The average P2P fundraising page draws 8 donors (Funraise). That’s your baseline network effect unit. Multiply it across your whole fundraiser base and you’ll quickly see why participant acquisition has compounding returns that direct mail simply can’t replicate.
“The most successful P2P programs aren’t just raising money. They’re building communities of advocates who carry the mission forward long after the event ends.”
Funraise CEO Justin Wheeler
Protip: Segment your returning participants and send them personalized video appeals before registration opens. In our experience, this approach can lift funds raised by 150% compared to generic email outreach (Funraise). Worth the extra effort, we promise.
Common P2P Failures We See Every Day
Okay, this section might sting a little. But it’s based on what we genuinely see nonprofits navigating, sometimes before and sometimes after switching platforms. We’re sharing it because we’ve been in these conversations and the patterns are consistent.
“We set up the fundraising page and waited.” The page goes live, an email goes out, and then silence. P2P doesn’t run itself. Without a structured participant coaching sequence, even the most motivated fundraisers go quiet after week one.
“Our registration-to-active-fundraiser conversion is terrible.” A lot of organizations count registrants as participants, but a significant chunk never set up their personal page or raise a single dollar. If you’re not tracking that gap, your headline numbers are quietly masking a retention problem.
“We only run P2P in October.” Single-event P2P leaves revenue on the table for 11 months of the year. Year-round P2P models generate steady, predictable revenue that isn’t dependent on one weather event or a scheduling conflict. It’s an approach Funraise advocates for specifically, and the results back it up (Funraise).
Building Your 2026 P2P Blueprint
Here’s how the data translates into concrete moves you can actually make:
- set a growth target anchored in benchmarks – three to five percent aligns with Top 30 trends (Peer to Peer Forum). Stretch goals should be tied to specific tactical investments, not wishful thinking,
- diversify your P2P format portfolio – walks, cycles, digital-only, and micro-events each attract different audiences and carry different cost structures. Top organizations run multiple formats (Peer to Peer Forum),
- invest in your technology foundation – donation forms converting at 50% aren’t a luxury. They’re the difference between a campaign that compounds and one that leaks revenue at every step (Funraise),
- build a retention program, not just an acquisition program – your five-year fundraisers are averaging $4,425 (Peer to Peer Forum). That cohort deserves a dedicated strategy.
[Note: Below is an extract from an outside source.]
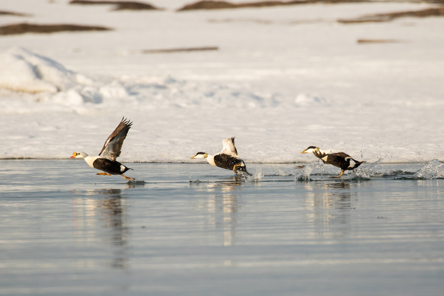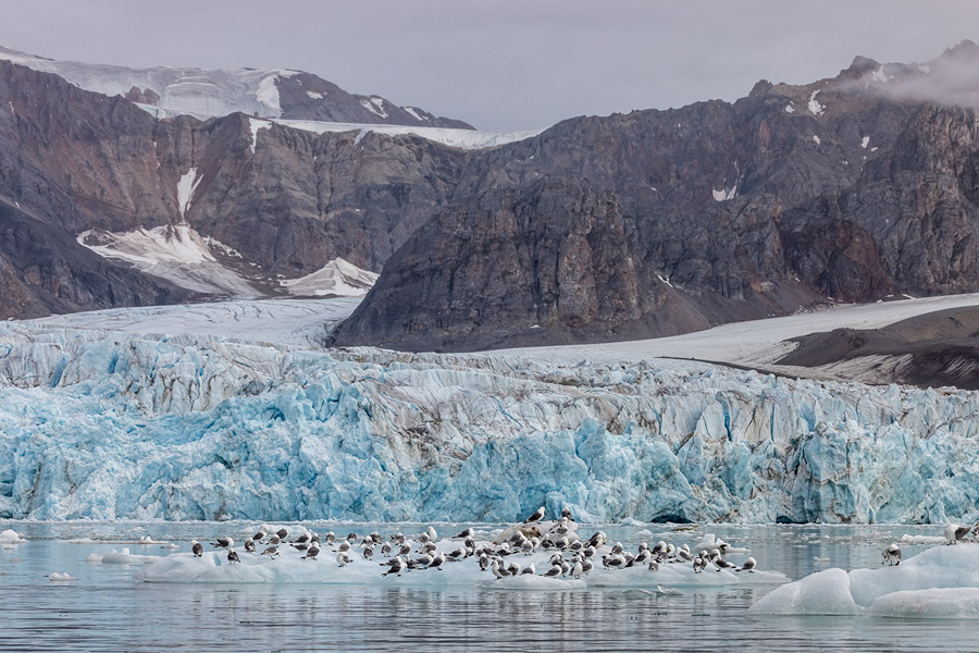 Svalbard offers countless spectacular fjords, and during our journey, we hope to explore several of them including Liefdefjorden, meaning 'The fjord of love', home to the magnificent Monaco Glacier. Many common eiders and pink-footed geese nest in the area, and if lucky, we could see the rare king eider. In Krossfjorden we hope to witness the impressive face of the 14th July Glacier, which is a mighty 16 kilometres long and reaches more than 30 metres above sea level. If weather permits, we will be greeted with the raucous reception of kittiwakes and Brünnich’s guillemots, which nest on nearby cliffs. Raudfjorden is another area we hope to explore, dominated by immense natural beauty. It is also a favourite spot for seals, and the bird cliffs here are bursting with activity. In South-west Spitsbergen, we may visit the grand fjords of Hornsund, offering a breathtaking landscape filled with dramatic glaciers and towering mountain peaks.

Platforms like Funraise were built for exactly this kind of comprehensive P2P management, from high-conversion forms to AI-powered personalization to year-round campaign infrastructure. If you haven’t explored it yet, the free plan is a genuinely low-risk way to see how all of this data translates into actual campaign performance.
The 2026 P2P opportunity is real. The organizations that capture it are already planning with precision, not just passion.